* EXERCISE GOAL: Give again, exactly as written, the lines of the records below from the line with "Набор для макияжа, 3" to the line with "1月26日,在郎溪县涛城镇庆丰村美迪花世界农业合作社的基地里,市民纷纷前来选购心仪的花卉。通讯员 李晓红 摄". Both end lines count; pictures do not.

##### GIVEN DATA

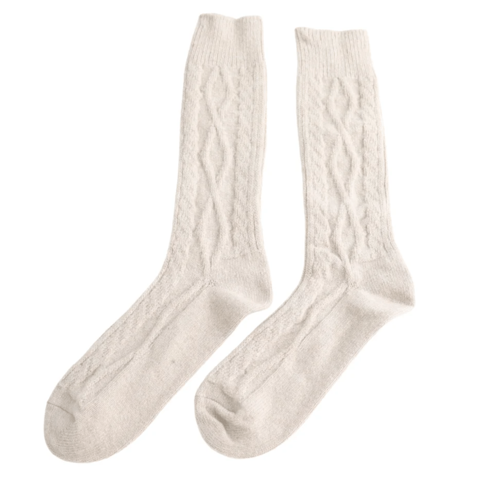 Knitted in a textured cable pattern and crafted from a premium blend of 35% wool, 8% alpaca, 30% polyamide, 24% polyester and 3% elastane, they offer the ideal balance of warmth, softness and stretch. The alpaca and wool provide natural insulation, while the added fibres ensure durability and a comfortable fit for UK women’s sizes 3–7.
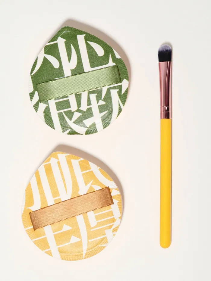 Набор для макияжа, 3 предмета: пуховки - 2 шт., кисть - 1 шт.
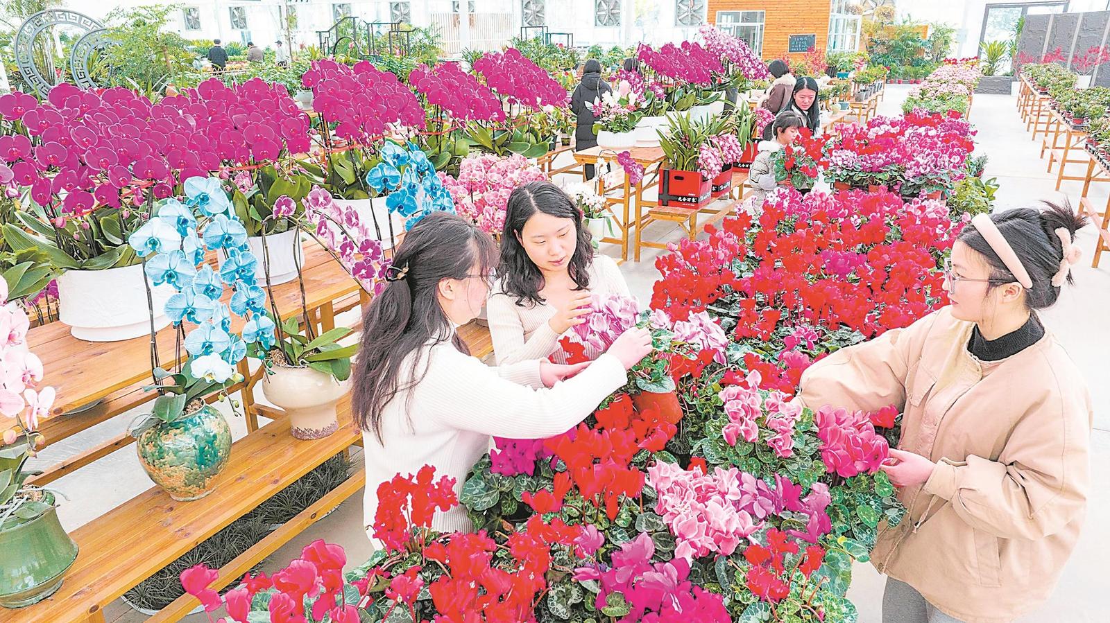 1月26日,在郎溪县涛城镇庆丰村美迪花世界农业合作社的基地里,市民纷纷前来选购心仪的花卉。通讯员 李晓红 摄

##########
##### GIVEN DATA

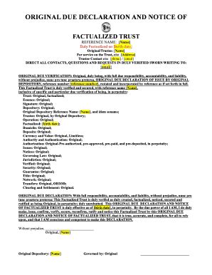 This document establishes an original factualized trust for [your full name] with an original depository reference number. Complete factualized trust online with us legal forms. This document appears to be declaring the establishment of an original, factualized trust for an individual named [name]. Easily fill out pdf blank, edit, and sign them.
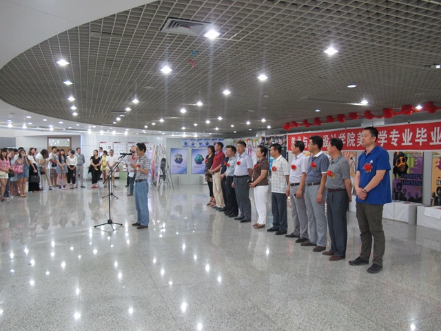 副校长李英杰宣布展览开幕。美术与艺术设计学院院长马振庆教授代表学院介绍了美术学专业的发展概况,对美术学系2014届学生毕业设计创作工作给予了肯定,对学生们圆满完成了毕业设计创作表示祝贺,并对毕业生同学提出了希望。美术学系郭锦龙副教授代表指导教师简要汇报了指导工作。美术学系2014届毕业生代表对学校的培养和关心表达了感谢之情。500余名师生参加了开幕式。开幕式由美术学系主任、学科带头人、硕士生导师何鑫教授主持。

##########

* TASK ANSWER:
 Набор для макияжа, 3 предмета: пуховки - 2 шт., кисть - 1 шт.
 1月26日,在郎溪县涛城镇庆丰村美迪花世界农业合作社的基地里,市民纷纷前来选购心仪的花卉。通讯员 李晓红 摄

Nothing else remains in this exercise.